By selling its magnet expertise to other fusion companies and industries, Tokamak Energy says it can ease its future funding requirements. Private sector fusion companies have raised about $7bn in investment to date but fundraising is challenging as long as revenues from commercial fusion power remain at least a decade away.

Tokamak Energy, which employees about 250 people, is in the middle of another funding round having previously raised $250mn from private investors and government grants. At least $50mn of that has been spent on magnet development.

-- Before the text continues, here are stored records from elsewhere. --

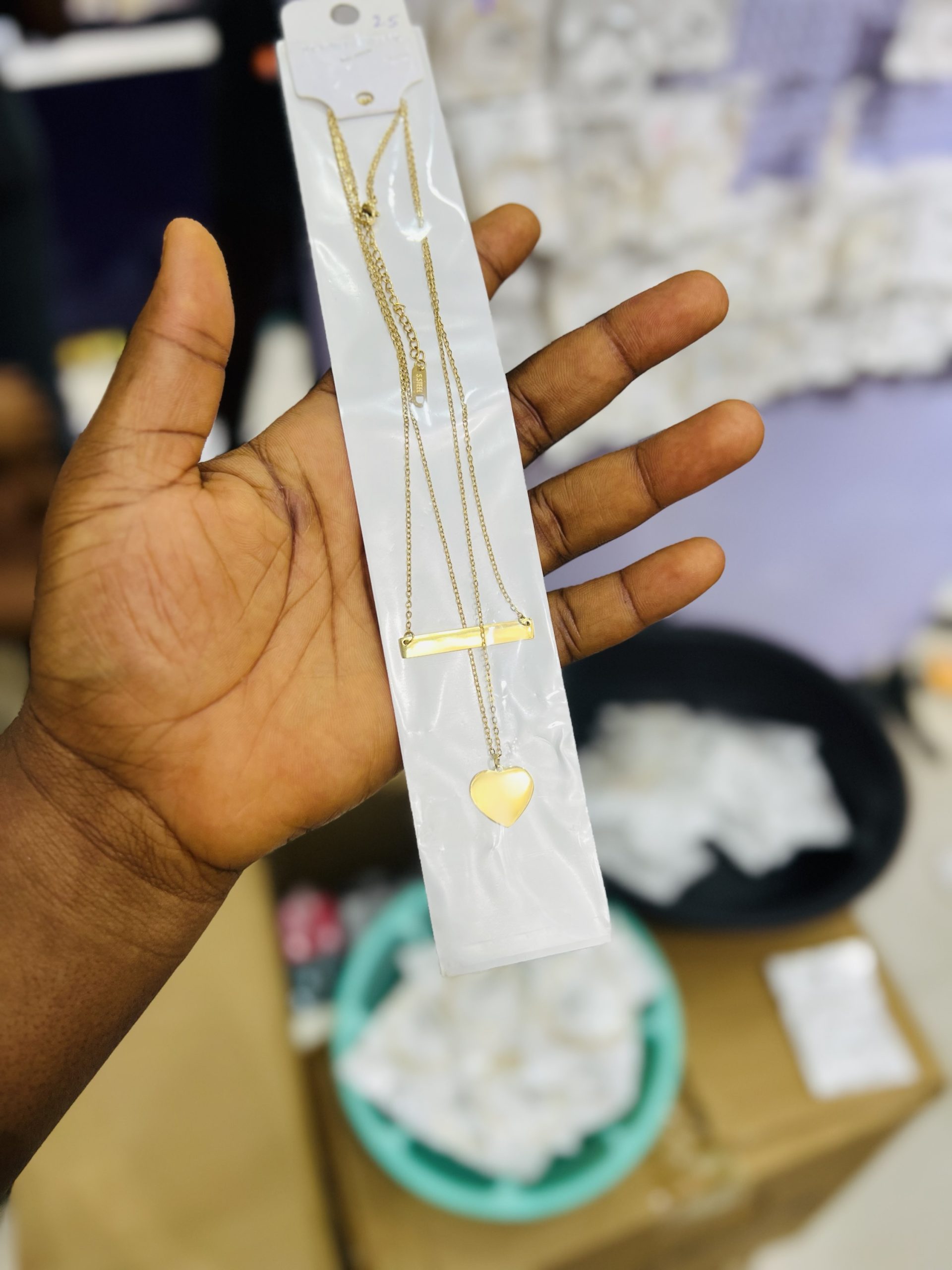 Previous Product Next Product Engraved double heart necklace with box ₦6,800 SKU: 56460 Category: Customizables 25 in stock 56460 Engraved double heart necklace with box quantity Buy Now Reviews (0) Reviews There are no reviews yet. Be the first to review “Engraved double heart necklace with box” Cancel replyYour email address will not be published. Required fields are marked *Your rating * Rate… Perfect Good Average Not that bad Very poor Your review *Name * Email * Save my name, email, and website in this browser for the next time I comment. Opens in a new window Tweet This Product Opens in a new window Share on Facebook Opens in a new window Pin This Product Opens in a new window Mail This Product Related products Quick View Quick View CustomizablesEngraved gold simple bracelet with box ₦6,800 Buy Now Quick View Quick View CustomizablesGold heart shape locket with paper box ₦15,900 Buy Now Quick View Quick View CustomizablesBlack flat engraved necklace with paper box ₦6,800 Buy Now
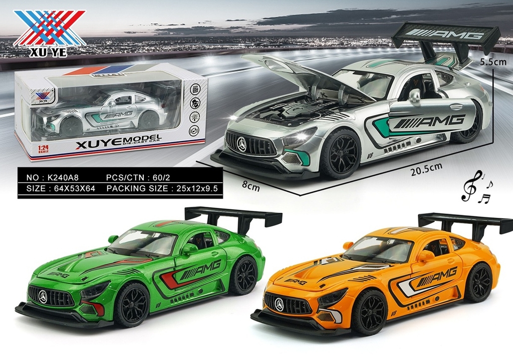K240A8 HỘP XE HƠI CẢN SAU SẮT MÔ HÌNH, MỞ CỐP TRƯỚC PIN NÚT NHẠC ĐÈN
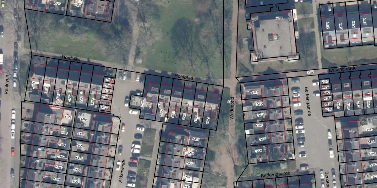 Hoefblad 19 is gelegen op kadastraal perceel WDV01B5602. Deze kadastrale aanduiding is uniek en wordt gebruikt door het Kadaster om eigendomsrechten en andere zakelijke rechten vast te leggen. Het perceel maakt onderdeel uit van de kadastrale gemeente Waddinxveen.
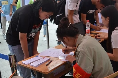 紅色的迎新條幅、貼心的指示標語,各院系的迎新工作人員和學生志愿者熱情引導,校園里四處洋溢著歡樂、溫馨、和諧的氣氛。

“It’s a very difficult investment story because your typical venture capital investors are looking for a return in a defined period of time, and the magnets business helps us there because we can actually point to a return,” said Christian Lowis, the company’s general counsel.

The company has already signed HTS-related contracts with several customers and estimates TE Magnetics could generate £8mn in annual revenues next year and £300mn a year by the end of the decade.

“Key to our model is owning the design of the magnets,” Lowis said. “Whether we manufacture the magnets, subcontract the manufacture to somebody else, sublicence the IP to somebody else or even sublicence them to another fusion company for them to manufacture themselves, they’re all potential options.”